Strengthen—PR. The correct answer choice is (C)

Your task in this Strengthen question is to select the answer choice containing a principle that, once
added to the stimulus, will support the conclusion that the television station’s coverage was good
journalism. Reordered, the argument proceeds:

..... Premise: ..... the information reported was accurate

..... Premise: ..... the newscast had significantly more viewers than it normally does, because
..... ..... ..... ..... many people are curious about the politician’s nephew’s problems

..... Conclusion: ..... thus, the coverage was good journalism

Your prephrase is that the correct answer will provide a rule that will connect with the editorial’s
description of the coverage to support the conclusion that the coverage was good journalism. The
editorial provides two reasons to think the coverage was good journalism: 1) the information was
accurate; and 2) people are curious about the nephew’s problems. The correct answer likely will
provide a rule stating that coverage bearing one or both of these characteristics is good journalism.

The incorrect answers will not provide a rule connecting these characteristics of the coverage to
good journalism, or could state that these factors are related to bad journalism.

Answer choice (A): While the stimulus began with the fact that the station had been criticized,
the editorial’s conclusion did not pertain to when journalism deserves to be criticized. Instead, the
argument had to do only with what comprises good journalism.
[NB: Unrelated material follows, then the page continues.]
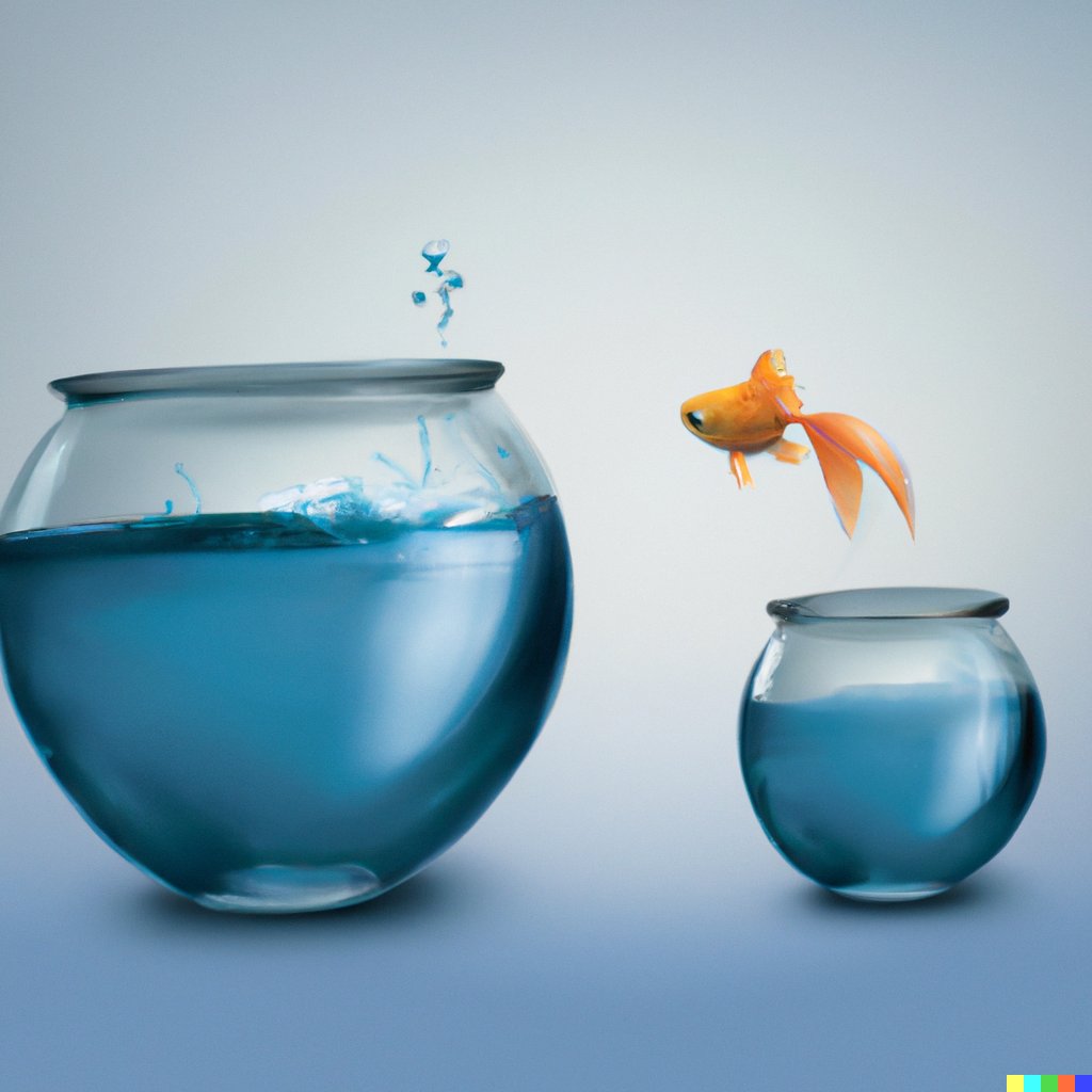 I wanted something cute, so I asked DALLE for “a fish jumping from a small fishbowl to a large fishbowl.”

Answer choice (B): This choice has no effect on the conclusion, because there was no fact presented
indicating intentional misrepresentation of the facts of the case.

Answer choice (C): This is the correct answer choice. This choice is correct, because it provides a
conditional rule stating that when journalism has the two factors associated with the coverage of the
politician’s nephew, then it is good journalism. The relationship could be diagrammed:

..... provides accurate information on a subject of considerable interest :arrow: good journalism

Answer choice (D): This choice is incorrect because it states something that is required if you have
good journalism, but does not provide a rule to help determine whether the characteristics of this
station’s coverage are also consistent with good journalism.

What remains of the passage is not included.